=== YOUR ASSIGNMENT ===
Return all of the data that follows precisely, leaving every image out.

§ §

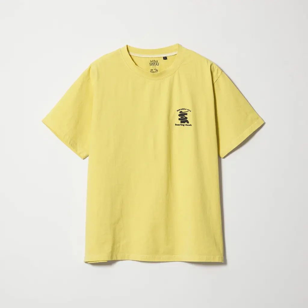 Tシャツは全5種類で、いずれも価格は6,930円(税込)です。デザインは「ホームタウン」「エンブレム」「マスコット」に加え、HAWKS STORE限定の2パターン(集合柄、投球)を含みます。
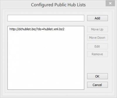 - se va deschide o noua fereasrea, acolo in a doua casuta selectati adresele existente si apasati “ Remove„ pentru a le inlatura. Dupa ce ati inlaturat toate adresele cu huburi din strainatate copiati una dintre adresele de aici (preferabil din RO) https://dchublist.biz/?do=hublist&get=hublist-ro.xml.bz2 pe care o puneti in prima casuta si apasati „Add“. Aceasta lista va foloseste la adaugarea de noi huburi. Mai multe hublisturi gasiti aici:
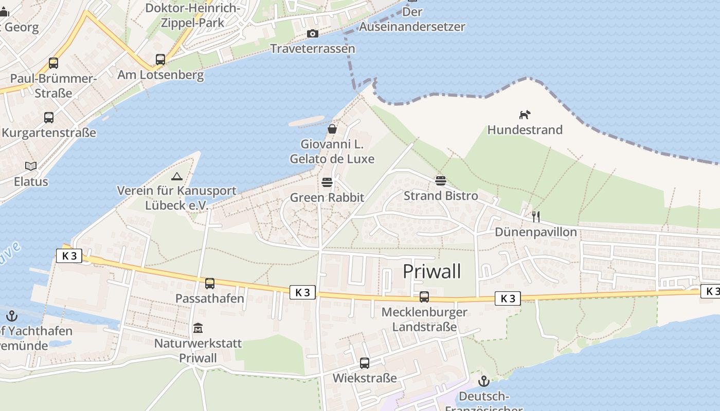 Travemünde Fähranleger ist in ungefähr 2 km Entfernung von der Unterkunft. Die nächstgelegene Bushaltestelle Poetenitzer Weg ist in etwa 10 Gehminuten Entfernung.
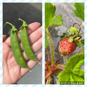 いちごが赤くなり始めてる〜🥰🍓 絹さやベビーも見えてきた😎
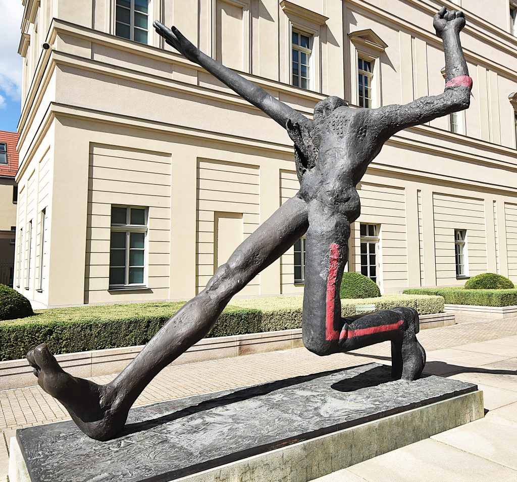 One artist who got more and more critical over time was Wolfgang Mattheuer. His most famous work stands in the yard of the Museum Barberini in Potsdam. You don’t even have to buy a ticket to see it because the yard is open to the public. The bronze sculpture, called Der Jahrhundertschritt (“Step of the Century”), is about sixteen feet tall. It shows a figure with one arm raised in a Nazi salute, while the other ends in a fist—that was the communist salute back in the 1920s. One foot is bare and stepping forward, the other wears a military boot and stays firmly on the ground. The clothes have stripes like uniforms, but there’s no head—just a skull sticking out from a blown-up chest.
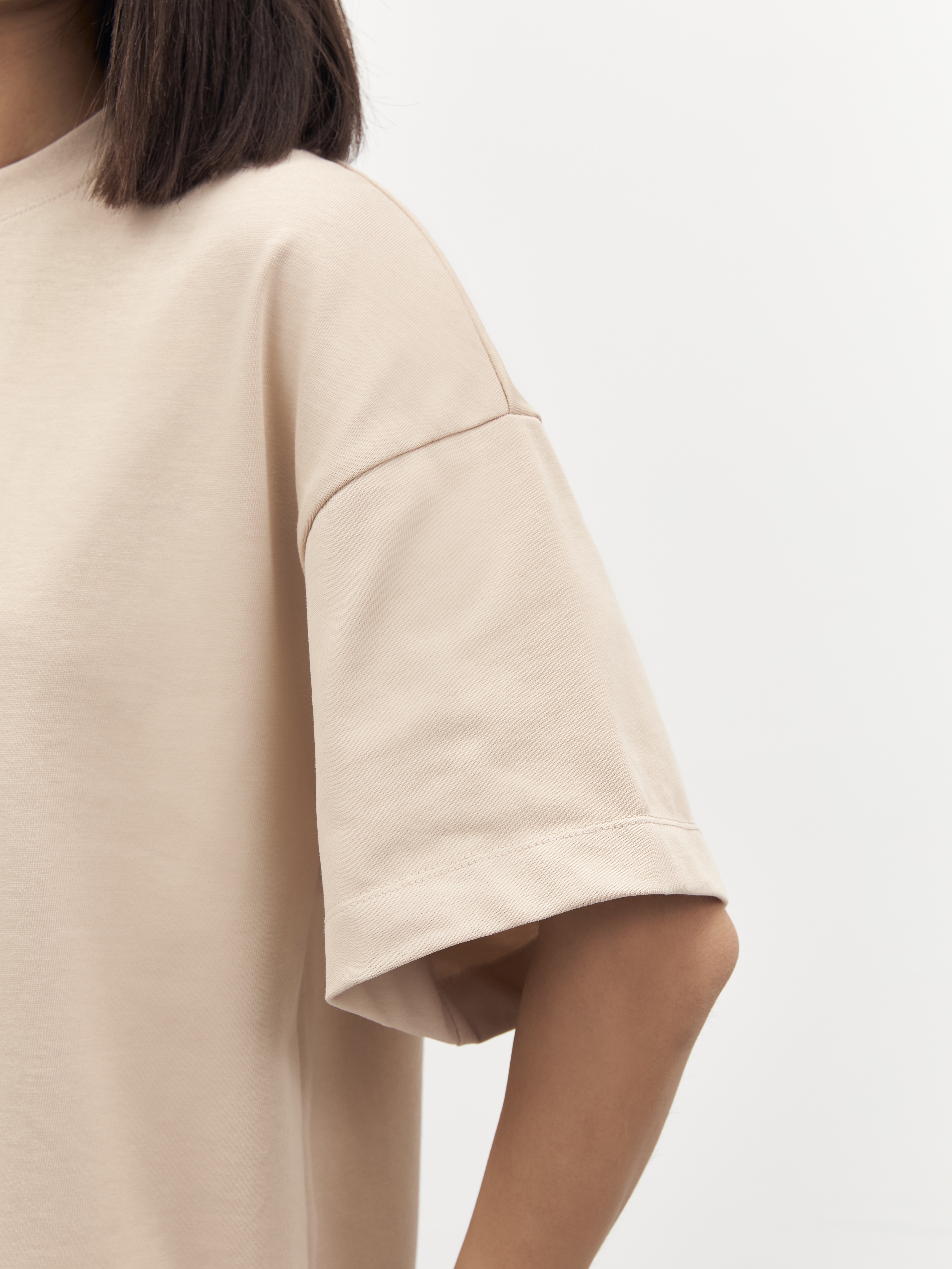 Если вы ищете футболку oversize, эта модель станет удачным вариантом благодаря своему современному дизайну. Стильная одежда всегда остается в моде, а плотная трикотажная ткань гарантирует долговечность даже после многочисленных стирок.
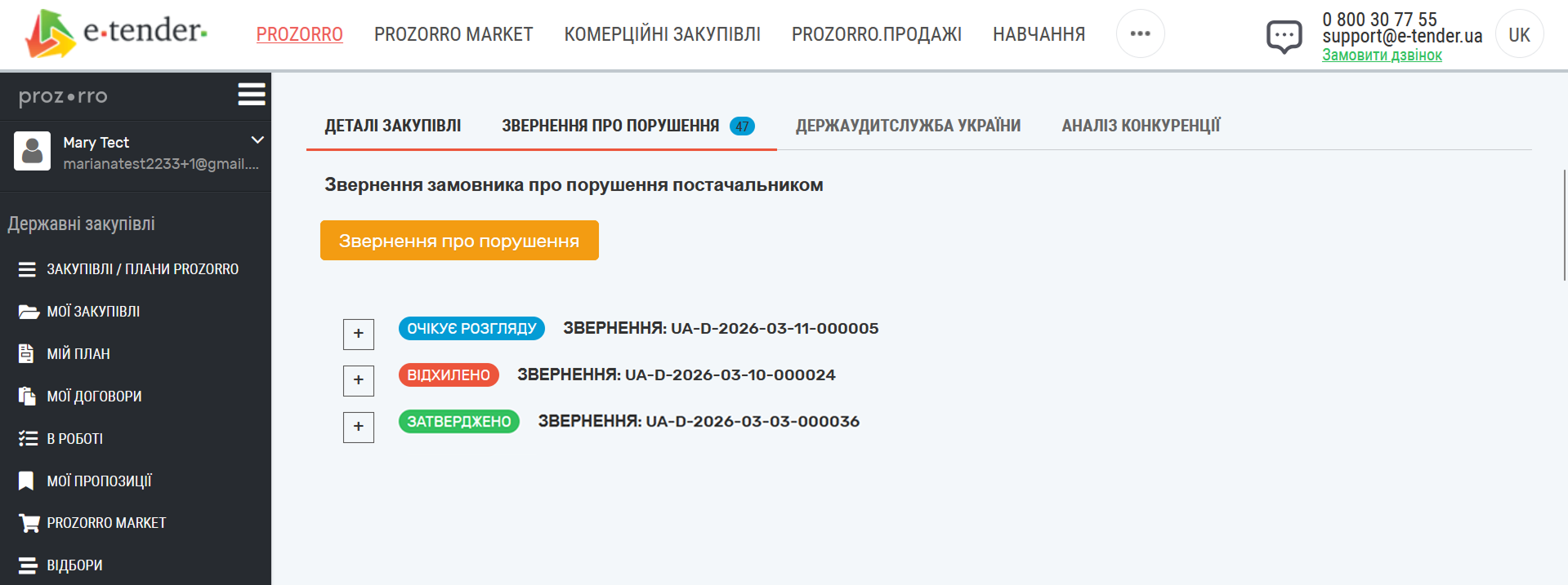 Після публікації звернення додаткові дії від замовника не потрібні. Відстежувати статус розгляду можна на сторінці закупівлі у вкладці «Звернення про порушення».
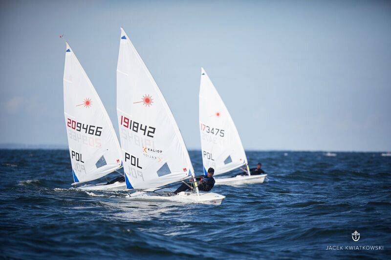 Wśród mężczyzn w klasie Laser Radial, w której ściga się aż 90 żeglarzy z 29 klubów, na czele znajdują się mistrz Polski seniorów Marcin Rudawski (MKS Dwójka Warszawa) oraz broniący tytułu w gronie juniorów Jakub Rodziewicz (Sejk Pogoń Szczecin) – obaj wygrali po pięć wyścigów.
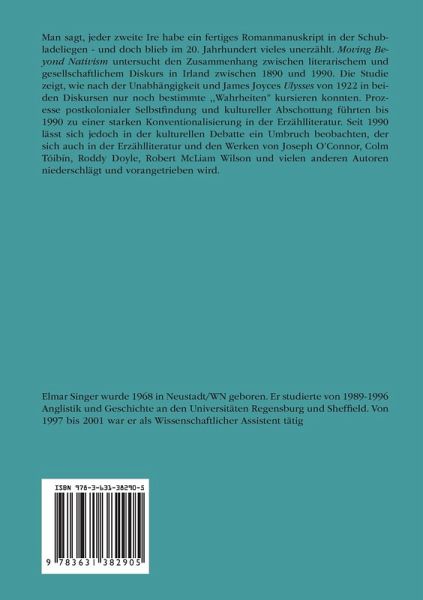 Man sagt, jeder zweite Ire habe ein fertiges Romanmanuskript in der Schublade liegen - und doch blieb im 20. Jahrhundert vieles unerzählt. Moving Beyond Nativism untersucht den Zusammenhang zwischen literarischem und gesellschaftlichem Diskurs in Irland zwischen 1890 und 1990. Die Studie zeigt, wie nach der Unabhängigkeit und James Joyces Ulysses von 1922 in beiden Diskursen nur noch bestimmte "Wahrheiten" kursieren konnten. Prozesse postkolonialer Selbstfindung und kultureller Abschottung führten bis 1990 zu einer starken Konventionalisierung in der Erzählliteratur. Seit 1990 lässt sich jedoch in der kulturellen Debatte ein Umbruch beobachten, der sich auch in der Erzählliteratur und den Werken von Joseph O'Connor, Colm Tóibín, Roddy Doyle, Robert McLiam Wilson und vielen anderen Autoren niederschlägt und vorangetrieben wird.

§ §

=== ANSWER TO THIS PROBLEM ===
 Tシャツは全5種類で、いずれも価格は6,930円(税込)です。デザインは「ホームタウン」「エンブレム」「マスコット」に加え、HAWKS STORE限定の2パターン(集合柄、投球)を含みます。
 - se va deschide o noua fereasrea, acolo in a doua casuta selectati adresele existente si apasati “ Remove„ pentru a le inlatura. Dupa ce ati inlaturat toate adresele cu huburi din strainatate copiati una dintre adresele de aici (preferabil din RO) https://dchublist.biz/?do=hublist&get=hublist-ro.xml.bz2 pe care o puneti in prima casuta si apasati „Add“. Aceasta lista va foloseste la adaugarea de noi huburi. Mai multe hublisturi gasiti aici:
 Travemünde Fähranleger ist in ungefähr 2 km Entfernung von der Unterkunft. Die nächstgelegene Bushaltestelle Poetenitzer Weg ist in etwa 10 Gehminuten Entfernung.
 いちごが赤くなり始めてる〜🥰🍓 絹さやベビーも見えてきた😎
 One artist who got more and more critical over time was Wolfgang Mattheuer. His most famous work stands in the yard of the Museum Barberini in Potsdam. You don’t even have to buy a ticket to see it because the yard is open to the public. The bronze sculpture, called Der Jahrhundertschritt (“Step of the Century”), is about sixteen feet tall. It shows a figure with one arm raised in a Nazi salute, while the other ends in a fist—that was the communist salute back in the 1920s. One foot is bare and stepping forward, the other wears a military boot and stays firmly on the ground. The clothes have stripes like uniforms, but there’s no head—just a skull sticking out from a blown-up chest.
 Если вы ищете футболку oversize, эта модель станет удачным вариантом благодаря своему современному дизайну. Стильная одежда всегда остается в моде, а плотная трикотажная ткань гарантирует долговечность даже после многочисленных стирок.
 Після публікації звернення додаткові дії від замовника не потрібні. Відстежувати статус розгляду можна на сторінці закупівлі у вкладці «Звернення про порушення».
 Wśród mężczyzn w klasie Laser Radial, w której ściga się aż 90 żeglarzy z 29 klubów, na czele znajdują się mistrz Polski seniorów Marcin Rudawski (MKS Dwójka Warszawa) oraz broniący tytułu w gronie juniorów Jakub Rodziewicz (Sejk Pogoń Szczecin) – obaj wygrali po pięć wyścigów.
 Man sagt, jeder zweite Ire habe ein fertiges Romanmanuskript in der Schublade liegen - und doch blieb im 20. Jahrhundert vieles unerzählt. Moving Beyond Nativism untersucht den Zusammenhang zwischen literarischem und gesellschaftlichem Diskurs in Irland zwischen 1890 und 1990. Die Studie zeigt, wie nach der Unabhängigkeit und James Joyces Ulysses von 1922 in beiden Diskursen nur noch bestimmte "Wahrheiten" kursieren konnten. Prozesse postkolonialer Selbstfindung und kultureller Abschottung führten bis 1990 zu einer starken Konventionalisierung in der Erzählliteratur. Seit 1990 lässt sich jedoch in der kulturellen Debatte ein Umbruch beobachten, der sich auch in der Erzählliteratur und den Werken von Joseph O'Connor, Colm Tóibín, Roddy Doyle, Robert McLiam Wilson und vielen anderen Autoren niederschlägt und vorangetrieben wird.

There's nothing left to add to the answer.